El presidente del partido se había mostrado públicamente en contra de la convocatoria de esta consulta y ha dado a conocer su renuncia en una carta titulada Apostar por el futuro. En ella, Imaz explica claramente que se va ante la imposibilidad de «llevar a cabo la modernización» del nacionalismo vasco en un contexto de división y asegura que «conceptos como estado-nación, soberanía o independencia adquieren hoy tintes diferentes de lo que en el pasado representaban». No cabe duda de que el líder del PNV ha dado una lección de coherencia, y seguramente quiere llamar la atención sobre la progresiva radicalización del nacionalismo vasco. La repercusión de la marcha de Imaz no se agota en el ámbito interno del PNV, sino que tiene una lectura en clave de política nacional.

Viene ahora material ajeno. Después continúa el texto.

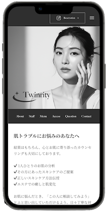 - スキンケアサロン「Twinrity」のWebサイトを制作。施術内容紹介ではなく、「この人に相談したい」と思われる信頼形成をゴールに設計。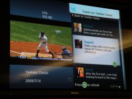在使用電視窗件時,電視機屏幕將被分為左右兩塊,Twitter消息顯示在其中一個屏幕中。這一應用在觀看重大事件或者體育賽事時可以帶來非常精彩的體驗。比如觀看紐約楊基隊的一場棒球比賽,用戶可以同時閱讀洋基隊有關的Twitter短消息。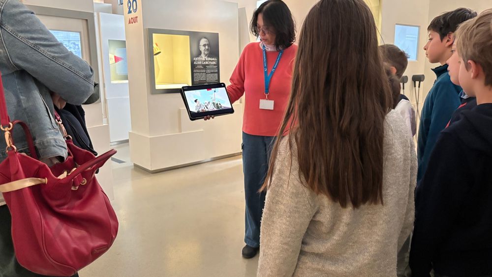 Accompagnés d’une conférencière, ils déambulent dans les collections permanentes durant 1h30. Les extraits du dessin animé diffusés sur une tablette leur permettent de s’immerger dans le thème de la salle : l’exode, l’occupation, la résistance… L’occasion de générer de nombreux échanges entre les parents, les enfants et la guide.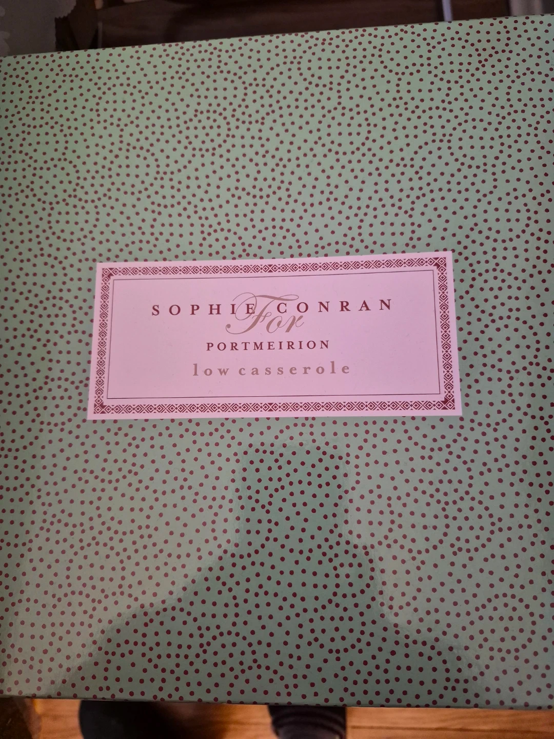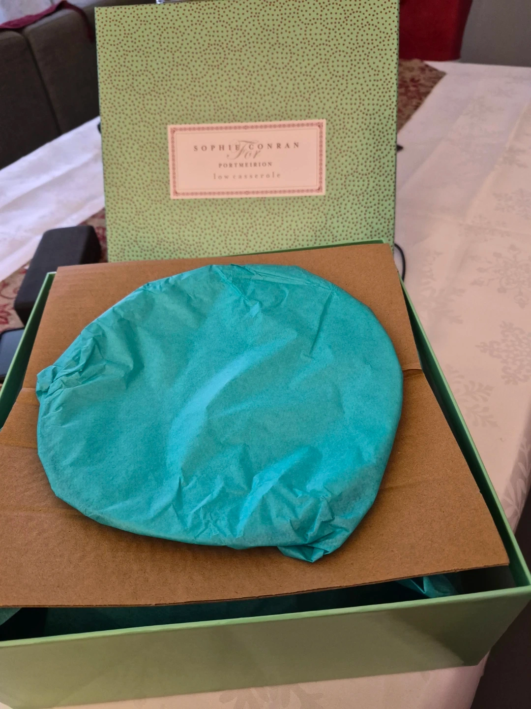 New, never used, low casserole dish. Brand: Sophie Conran For Portmeirion.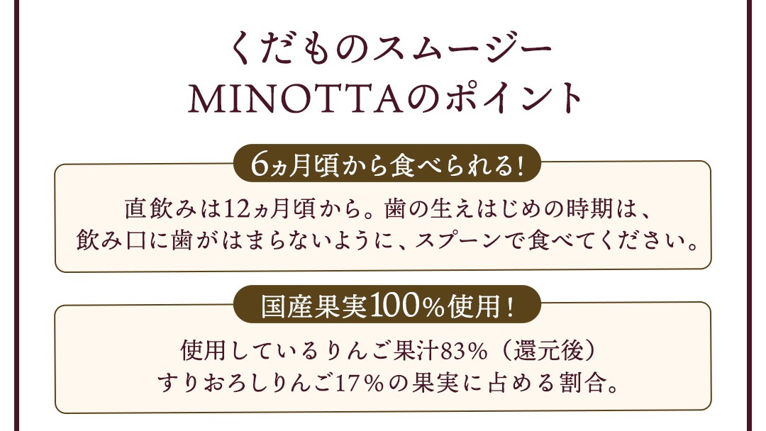 6ヵ月頃から。厳選した国産くだものでつくった赤ちゃんのためのスムージー。
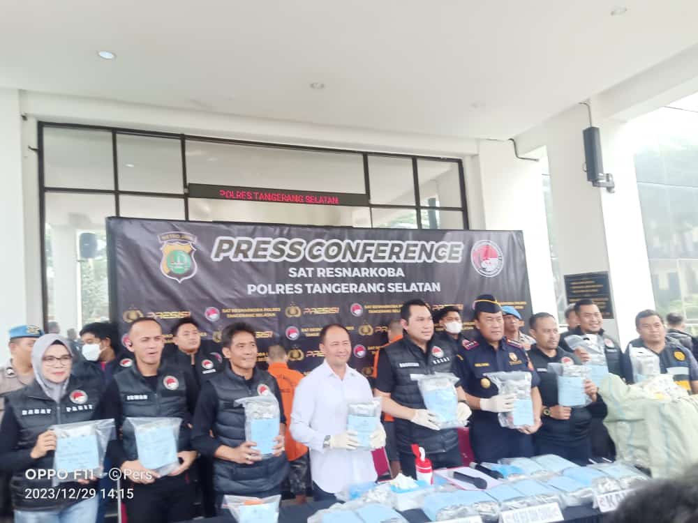 BantenOne.com, Tangsel – Menjelang pergantian tahun, wilayah hukum Polres Tangerang Selatan (Tangsel) bersama Satuan Reserse Narkoba Polres Tangsel, berhasil menggagalkan peredaran Narkotika jenis Ganja seberat 27,3 Kg. Kamis, (30/12/23).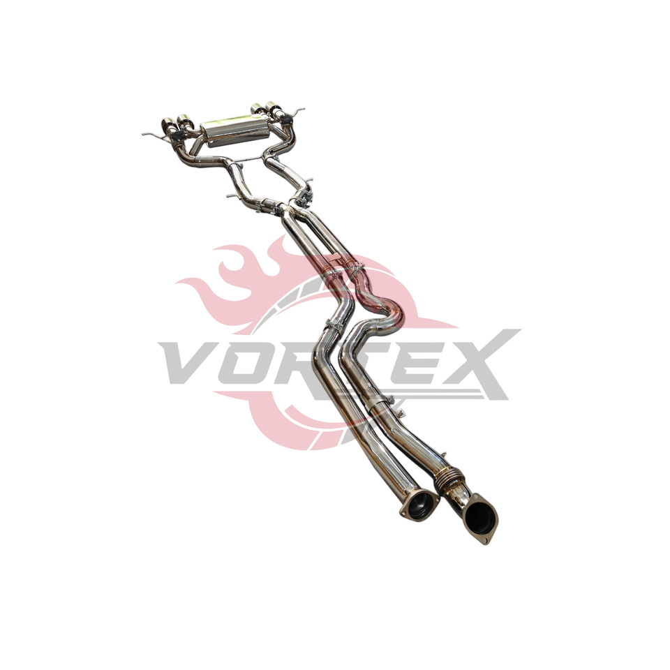 ท่อไอเสียแบบ Catback สำหรับ M3 G80 M4 G82 M2 G87 S58 3.0T ปี 2021-2026 รุ่น Vortex ประสิทธิภาพสูง ผลิตจากสแตนเลส SS304 ขนาด 76 มม. ขัดเงาแบบ Mirror พร้อมวาล์ว ติดตั้งง่ายแบบ Bolt-on 2 จุด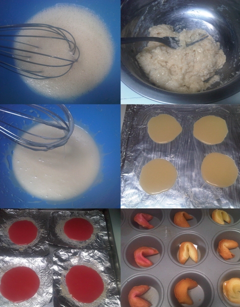 Tantangan pertama di tahun 2012 ini sukses bikin para baker menjadi ahli debus. Kesulitan dalam pembuatan fortune cookies bukan dari meracik adonan, tapi pada saat melipat ke dalam bentuk khasnya, tangan kosong dalam keadaan panas keluar dr oven! Makanya ya.. jadi pada berguru ilmu debus, hehehehe.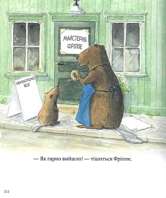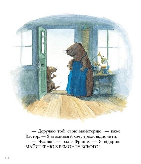 Відтепер усі-всі історії про Кастора й Фріппе в одній збірці! Книжка містить 6 уже улюблених історій (про те, як Кастор пече смачний пиріг, вирощує квасолю на підвіконні, майструє ящик для інструментів, шиє фартух, змішує фарби та фарбує шафку, лагодить велосипед) та 1 вперше перекладену українською — про те, як Фріппе узявся працювати в майстерні замість Кастора і що з того вийшло.

Siempre hemos dicho en estas páginas que Zapatero no es ni un «malvado» ni un «traidor», pero sí un iluso en sus relaciones peligrosas con los nacionalistas. El presidente ha basado su actuación política en muchos castillos en el aire y demasiadas ensoñaciones... pompas de jabón, en suma. La más trascendente es sin duda la que le llevó a creer que se daban las circunstancias para que ETA abandonara las armas. Pero también creyó que los nacionalistas catalanes serían capaces de pactar en su Parlamento una reforma del Estatuto que él pudiera aprobar, que ERC se moderaría al formar parte del Gobierno catalán o que su acuerdo en La Moncloa con Artur Mas sería capaz de alumbrar un texto acorde con la Constitución y un gran acuerdo con CiU en Cataluña y en Madrid.

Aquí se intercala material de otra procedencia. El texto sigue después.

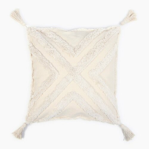 Наволочка декоративная «Этель» Бохо, 45х45 см, цвет молочный, 100% хлопок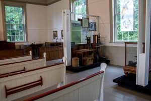 J’ai pris le chemin vers le Musée Eaton Corner sans trop savoir à quoi m’attendre. Un musée, c’est un musée, non? Eh bien, à Cookshire-Eaton, il n’y a rien d’ordinaire! Je me stationne devant une vieille église et je doute de mon GPS un instant, mais je suis pourtant au bon endroit : le musée Eaton-Corner est situé dans une église congrégationaliste datant de 1841. On y retrouve même encore les bancs au centre des panneaux d’exposition. À leurs pieds se trouvent des douzaines d’artéfacts sur l’histoire des premiers colons de la région du Haut-Saint-François arrivés à la fin du 17e siècle.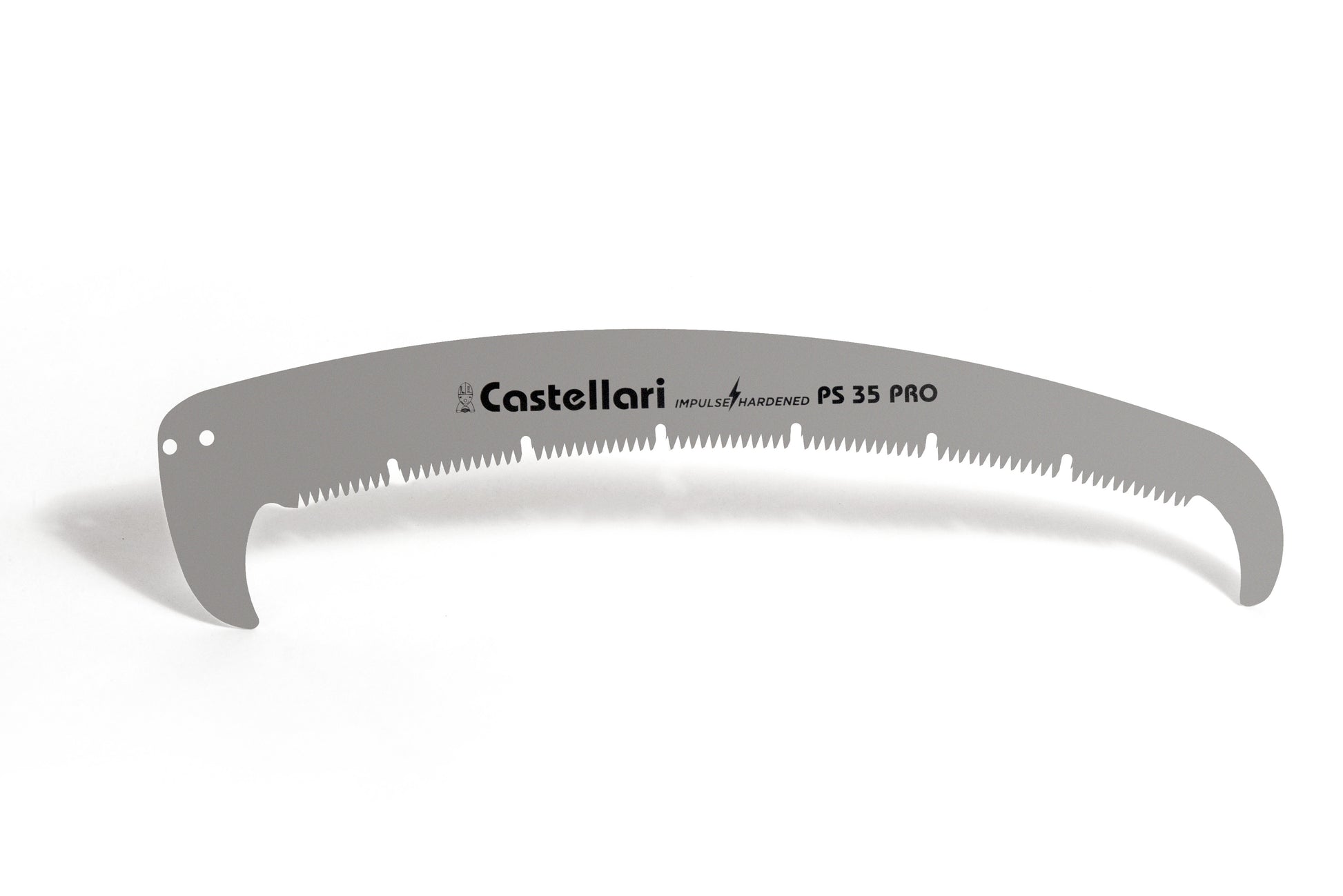 The 14-inch (35 cm) curved blade is made of carbon steel and sharpened to 3 levels, then pulse-hardened for durability. It features sharpened knife-edge hooks on the top and bottom for trimming small stems and clearing cut branches. The aggressive tooth pattern quickly clears material for faster cuts. The blade is finished with a rust-resistant hard chrome finish.

Nada de esto ha sucedido. Todos sus sueños se han estrellado contra la realidad. Y el caso de Imaz es, de momento, la última pompa de jabón que se le escapa de entre las manos. El presidente no acaba de caer en la cuenta de que las cesiones a los nacionalistas no fortalecen el ala moderada y sensata de esos partidos, sino precisamente a los sectores más radicales, a quienes la debilidad de palabra y obra les estimula para pedir cada día más.